Depite this, Lusso is hopeful that "if given early enough, IL-7 might even help to prevent the very formation of that 'immunologic scar' that HIV almost invariably induces in the immune system, thereby possibly changing the natural history of the disease."
Lusso and his team will shortly begin testing IL-7 in monkeys with the simian form of the virus.
He said: "The big question that we want to answer is whether blocking apoptosis may in the long run halt the disease progression."
The scientists are also conducting research into how exactly IL-7 works. If they can understand how the immune system responds to IL-7, "alternative treatment approaches may emerge, which do not require the natural cytokine itself."
Vaccines in trials
However, the greatest hope for reversing the pandemic remains a preventative vaccine. A recent report from the International AIDS Vaccine Initiative (IAVI) states that there are currently more than 30 clinical trials in 24 countries trying to establish the safety and efficacy of different vaccine candidates.

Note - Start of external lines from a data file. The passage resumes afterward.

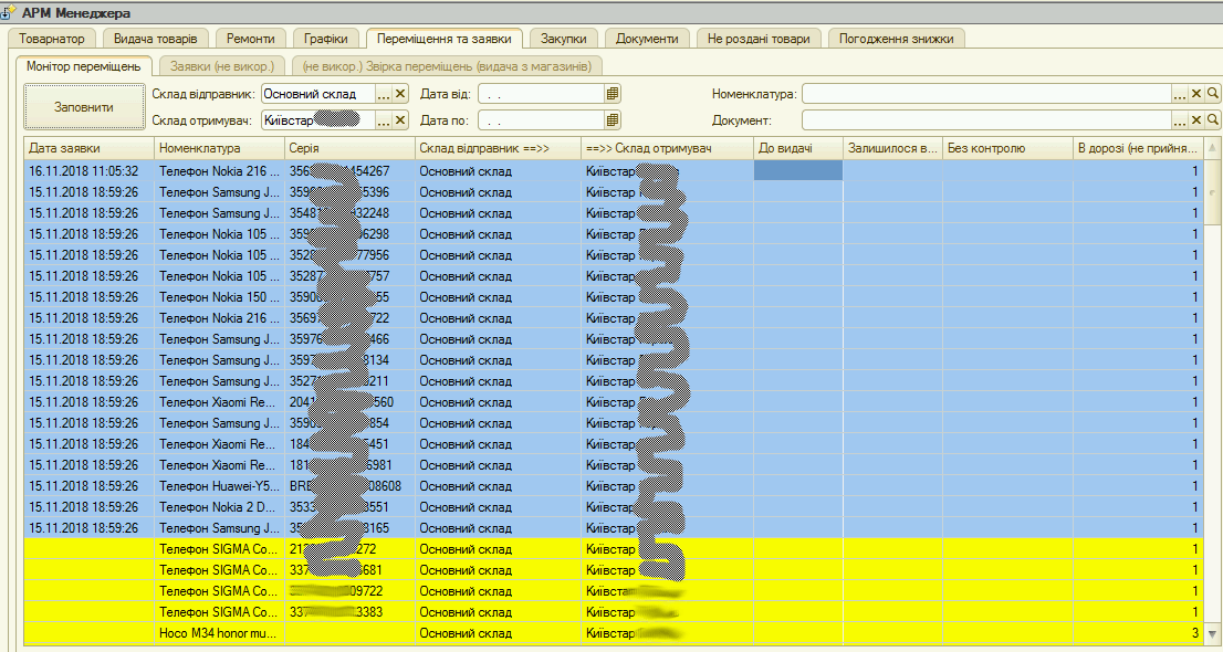 Менеджер який має відповідні права може контролювати товари в дорозі і бачити їх статус, які з них ще не видані, а які не прийняті.
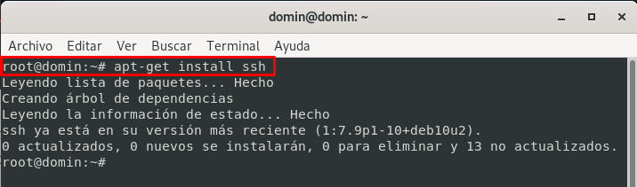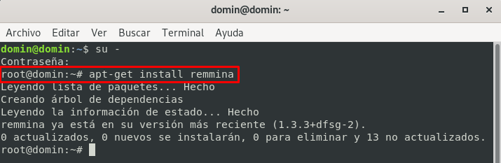 Vamos al cliente Debian para entrar como cliente remoto en el Ubuntu. Utilizaremos Remmina para acceder remotamente para ello lo instalaremos con un simple comando.
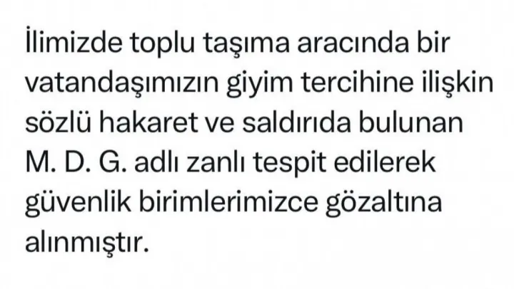 Kocaeli Valisi Seddar Yavuz, sosyal medya hesabından yaptığı açıklamada, 'İlimizde toplu taşıma aracında bir vatandaşımızın giyim tercihine ilişkin sözlü hakaret ve saldırıda bulunan M.D.G. adlı zanlı tespit edilerek güvenlik birimlerimizce gözaltına alınmıştır. Bireysel hak ve özgürlükleri korumaya kararlıyız' dedi.

Merck & Co. and Sanofi-Aventis are running two of the most advanced trials in progress. Merck & Co. is running a Phase IIb trial of its adenovirus serotype 5 vaccine (MRKAd5 HIV-1), while according to the report, the only trial in Phase III is Sanofi's test of its combined prophylactic vaccine ALVAC-HIV (vCP 1521) boosted with VaxGen technology.
GeoVax are preparing to begin larger scale human clinical trials of its HIV vaccine on the basis of good preclinical results, which showed a positive immune response with a reduced dose.

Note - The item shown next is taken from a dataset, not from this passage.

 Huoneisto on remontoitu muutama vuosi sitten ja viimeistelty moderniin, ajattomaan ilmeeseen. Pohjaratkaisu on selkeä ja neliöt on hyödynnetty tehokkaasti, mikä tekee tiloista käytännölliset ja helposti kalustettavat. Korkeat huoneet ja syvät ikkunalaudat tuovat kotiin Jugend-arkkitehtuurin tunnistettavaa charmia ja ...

However, not all research is going so well. A recent trial studying the effectiveness of a cellulose sulfate gel designed to prevent HIV infection was stopped after it was found it could potentially lead to an increased risk of infection. As a precaution, a further Phase III cellulose sulfate trial in Nigeria was also halted.
Cellulose sulphate (Ushercell) was developed by US company PolyDex Pharmaceuticals, and is one of four microbicide gels currently in trials for prevention of HIV and other sexually transmitted infections.
“It was our hope that this product would have helped women in protecting themselves from HIV," said Dr Lut Van Damme, principal investigator on the Ushercell trial.
"While the findings are unexpected and disappointing, we will learn scientifically important information from this trial that will inform future HIV prevention research.”